There are two interesting questions that arise out of the report’s findings.
First, is the decline actually significant? Securities Litigation Watch has done a great job of pointing out that commentators are ignoring the actual statistical trend – perhaps because they are merely relying on the press release that accompanied the report. In the context of post-PSLRA filings (i.e., since 1996), last year’s 175 filings is entirely consistent with the normal up-and-down pattern.
Second, and perhaps more interestingly, why was there no rise in the number of securities class action filings last year given the astonishing increase in financial restatements? There were an estimated 1200 financial restatements in 2005, nearly twice as many as in 2004. Although not every financial restatement brings a lawsuit, there is little doubt that the correlation is significant.
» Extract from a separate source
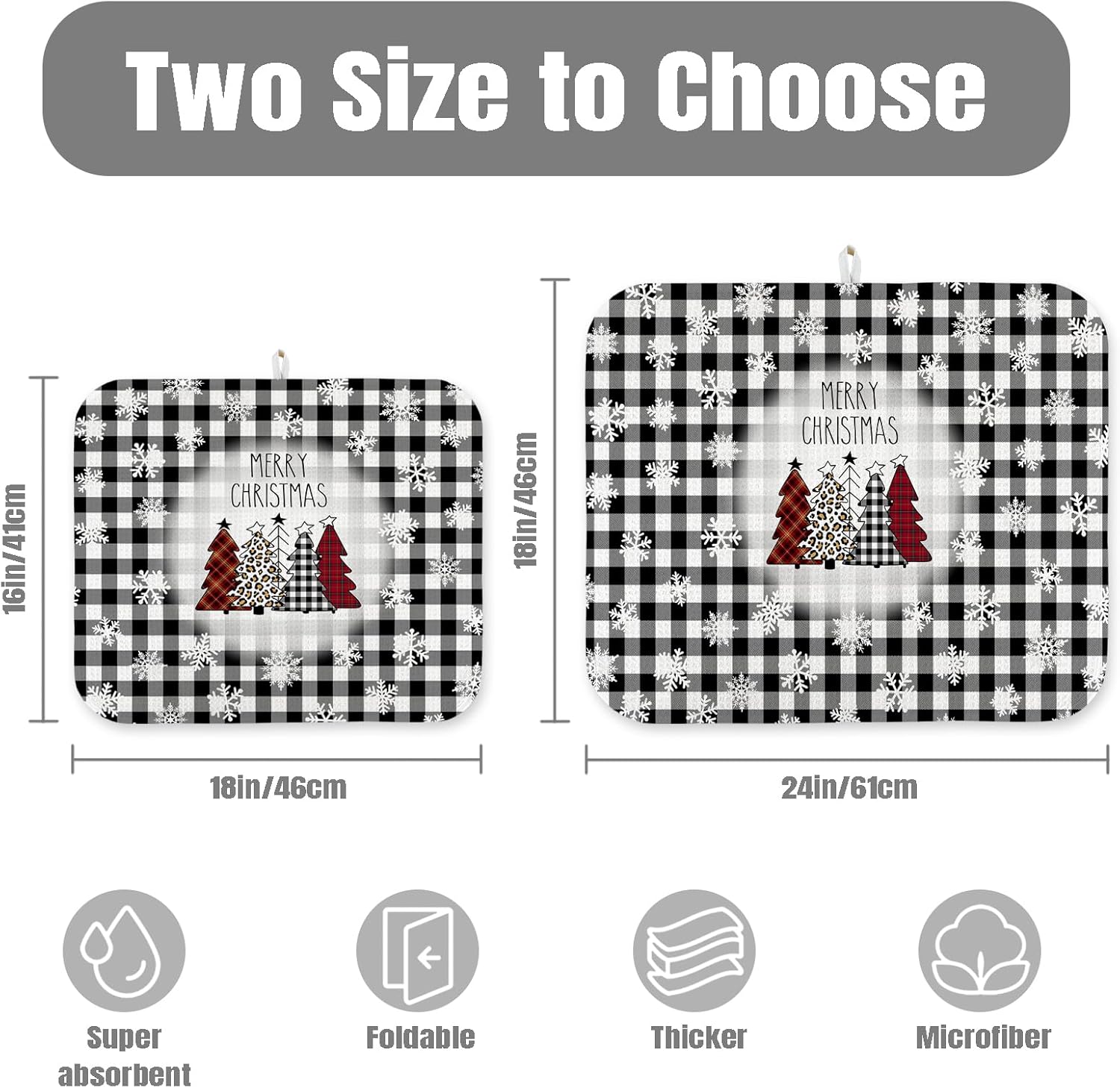 Dish Drying Mat for Kitchen Counter Large 16" x 18" Buffalo Plaid Christmas Tree Absorbent Microfiber Dishes Drainer Rack Mats Pad Reusable Washable

The Cornerstone/Stanford report found that 89% of securities class actions filed in 2005 alleged misrepresentations in financial documents.
The New York Times column states that restatements are becoming more commonplace and may not indicate misconduct, but then quotes some experts suggesting that the real reason for the decline in filings is a combination of the PSLRA and judicial decisions (including Dura) that have made it more difficult for investors to bring cases. One missing link, however, is the relationship between restatements and stock price declines. The announcement of a restatement that is not accompanied by a significant stock price decline is unlikely to engender a securities class action (not enough damages). So it would appear that we need at least one more piece of the statistical puzzle: how many of last year’s restatements led to a significant stock price decline?